- **Source data**:
──────
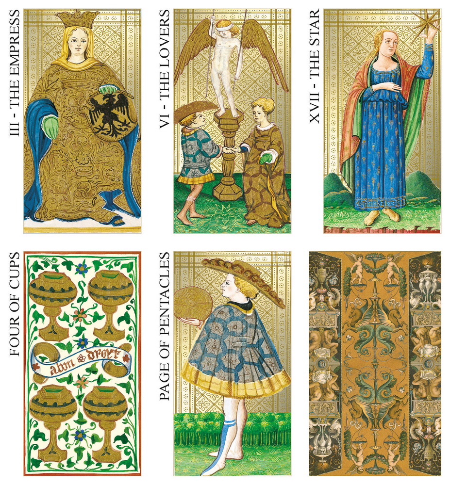 Now available as a mini deck! This deck is a stunning display of gold foil and exquisite Renaissance art that was commissioned in 1450 by the Duke of Milan and attributed to Bonifacio Bembo. This mini edition of the Visconti Tarot is printed on premium black-core cardstock.
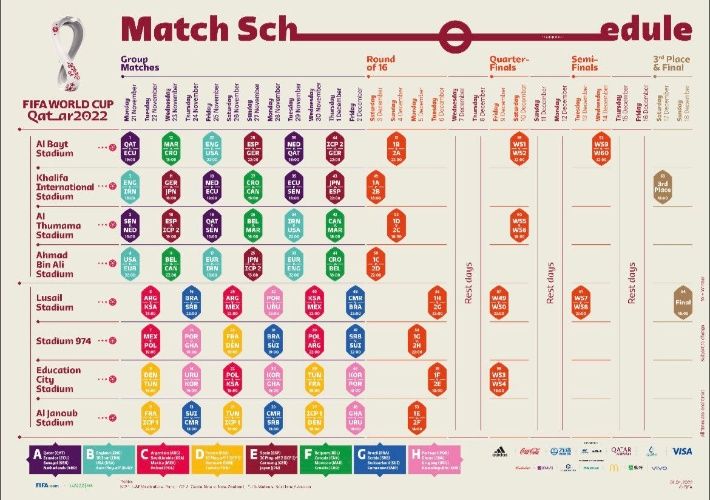 O início da Copa do Mundo está marcado para 21 de novembro, com a grande final a ser agendada para 18 de dezembro, cerca de 1 mês de competição. Os horários da Fase de Grupos estão marcados para as 7h, 10h, 13h e 16h de Brasília. As oitavas e as quartas serão disputadas às 12h e 16h, com a decisão do 3º lugar e a final a serem jogados às 12h.
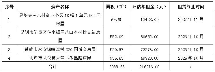 云南省森林和草原资源核查中心拟对以下闲置房屋进行出租,具体面积以实际面积为准,分布情况如下:
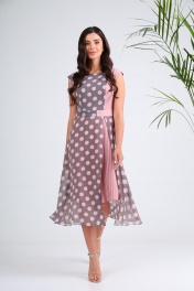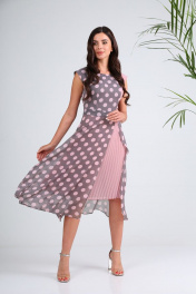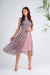 Платье SandyNa 130127 серо-розовый_горох
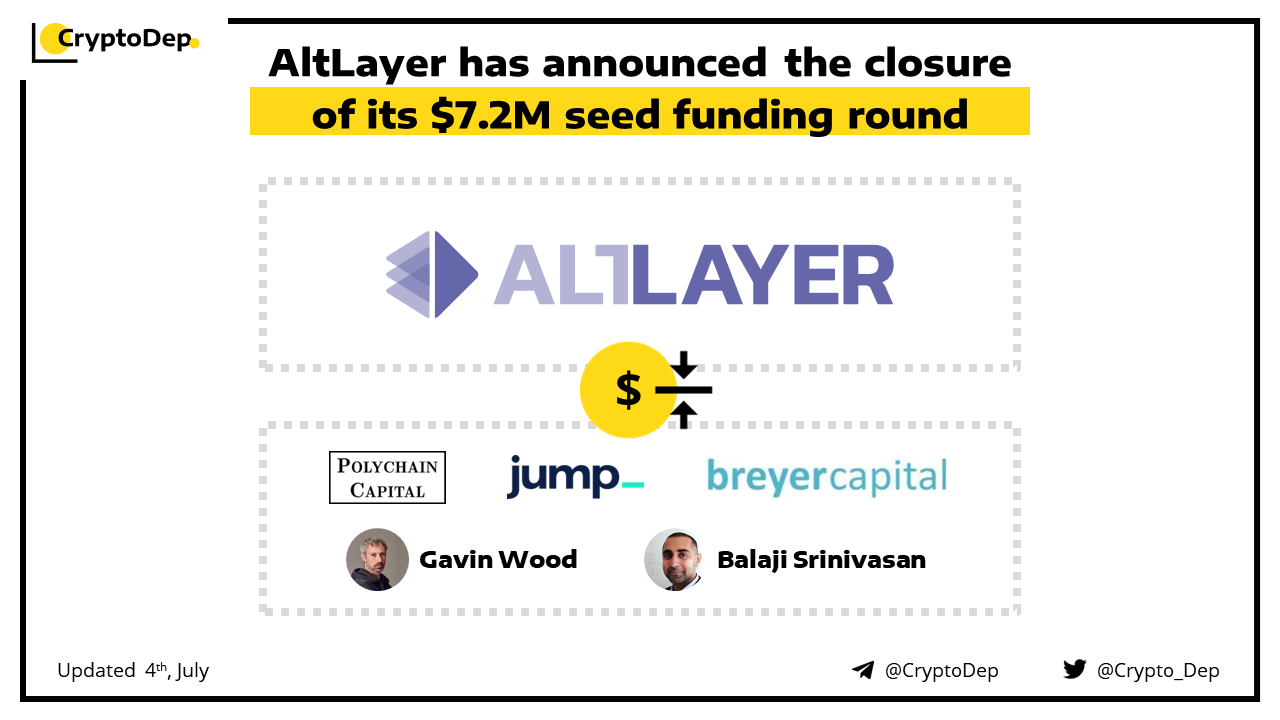 AltLayer, an Ethereum scaling startup, has raised $7.2M in a seed funding round, co-led by Polychain Capital, Jump Crypto, and Breyer Capital. Other investors in the round included Gavin Wood, Ethereum co-founder, and Polkadot founder; Balaji Srinivasan, a former Coinbase CTO and a former a16z general partner; Sean Neville, co-founder of Circle; and Kain Warwick and Jordan Momtazi, co-founders of Synthetix and Bodhi Ventures.
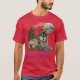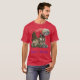 My 11 yo wore adult XL (5’7” 165#). The 8yo is small framed. She wore adult small and tied it in the back. Grandma wore adult large with long sleeve shirt underneath. Tall girl adult medium. Dark haired male adult large. Good quality dark Heather gray, Gildan brand shirt. -it was next up from basic choice and cost about $20 per shirt. Not too thick or thin. Washed and dried well, no major shrinkage. Not see-through. Can wear a bra under it fine. Screen print is just as shown and well done, front and back.
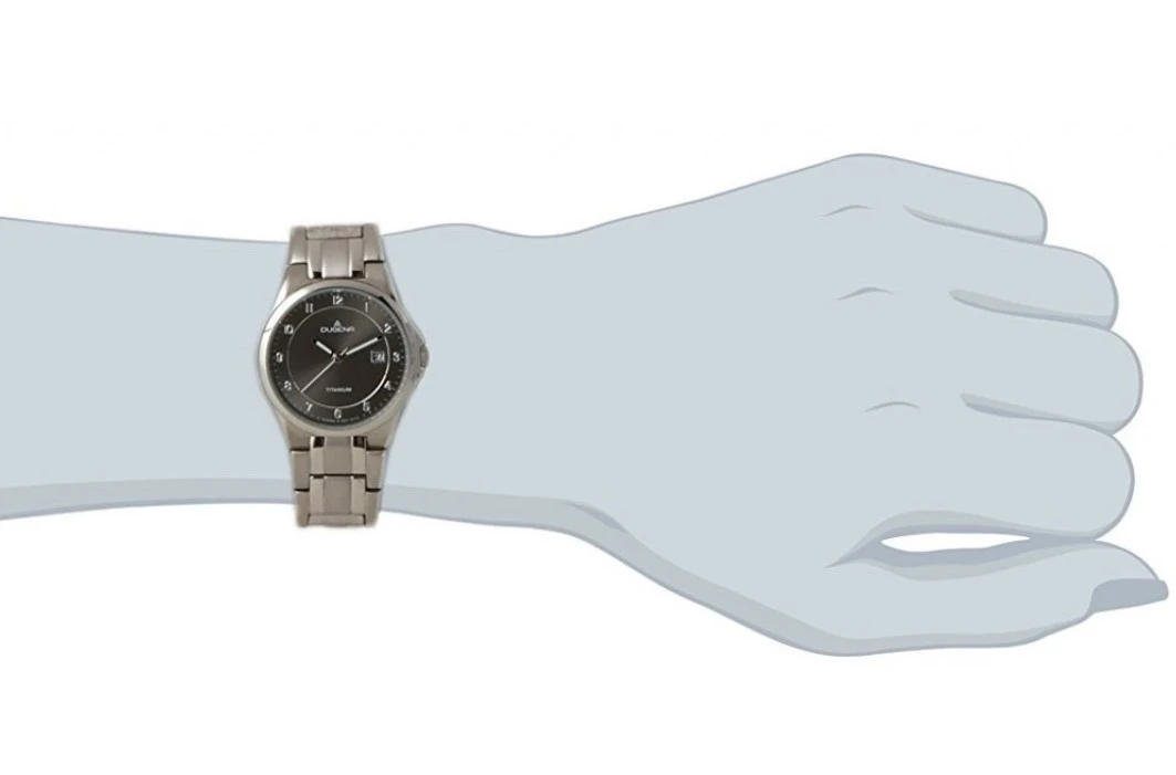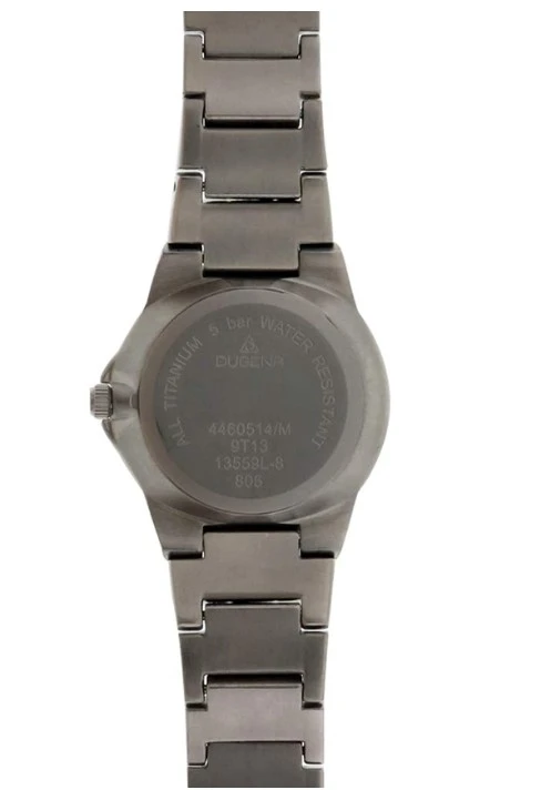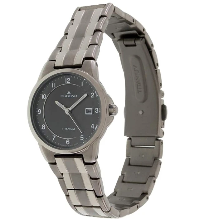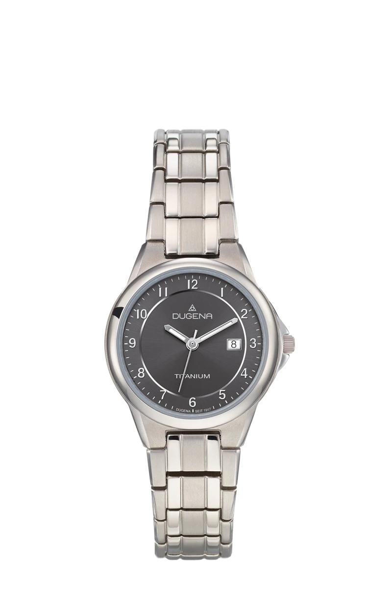 Titanové dámské hodinky Dugena. Hodinky jsou vyrobené z titanu, sklíčko hodinek je minerální. Kulatý černý ciferník s arabskými čísly a ukazatelem data. Hodinky mají hodinovou, minutovou a vteřinovou ručku. Rozměr pouzdra 28x7 mm. Chod hodinek zajišťuje spolehlivý bateriový strojek. Hodinky jsou vodotěsné na úrovni 5 ATM. Na všechny dámské hodinky Dugena platí záruka v délce 36 měsíců. Hodinky jsou dodávané v dárkové krabičce s logem.
──────
- **What the exercise asks**:
Strip the images and reproduce the remaining records precisely.

- **Exercise response**:
 Now available as a mini deck! This deck is a stunning display of gold foil and exquisite Renaissance art that was commissioned in 1450 by the Duke of Milan and attributed to Bonifacio Bembo. This mini edition of the Visconti Tarot is printed on premium black-core cardstock.
 O início da Copa do Mundo está marcado para 21 de novembro, com a grande final a ser agendada para 18 de dezembro, cerca de 1 mês de competição. Os horários da Fase de Grupos estão marcados para as 7h, 10h, 13h e 16h de Brasília. As oitavas e as quartas serão disputadas às 12h e 16h, com a decisão do 3º lugar e a final a serem jogados às 12h.
 云南省森林和草原资源核查中心拟对以下闲置房屋进行出租,具体面积以实际面积为准,分布情况如下:
 Платье SandyNa 130127 серо-розовый_горох
 AltLayer, an Ethereum scaling startup, has raised $7.2M in a seed funding round, co-led by Polychain Capital, Jump Crypto, and Breyer Capital. Other investors in the round included Gavin Wood, Ethereum co-founder, and Polkadot founder; Balaji Srinivasan, a former Coinbase CTO and a former a16z general partner; Sean Neville, co-founder of Circle; and Kain Warwick and Jordan Momtazi, co-founders of Synthetix and Bodhi Ventures.
 My 11 yo wore adult XL (5’7” 165#). The 8yo is small framed. She wore adult small and tied it in the back. Grandma wore adult large with long sleeve shirt underneath. Tall girl adult medium. Dark haired male adult large. Good quality dark Heather gray, Gildan brand shirt. -it was next up from basic choice and cost about $20 per shirt. Not too thick or thin. Washed and dried well, no major shrinkage. Not see-through. Can wear a bra under it fine. Screen print is just as shown and well done, front and back.
 Titanové dámské hodinky Dugena. Hodinky jsou vyrobené z titanu, sklíčko hodinek je minerální. Kulatý černý ciferník s arabskými čísly a ukazatelem data. Hodinky mají hodinovou, minutovou a vteřinovou ručku. Rozměr pouzdra 28x7 mm. Chod hodinek zajišťuje spolehlivý bateriový strojek. Hodinky jsou vodotěsné na úrovni 5 ATM. Na všechny dámské hodinky Dugena platí záruka v délce 36 měsíců. Hodinky jsou dodávané v dárkové krabičce s logem.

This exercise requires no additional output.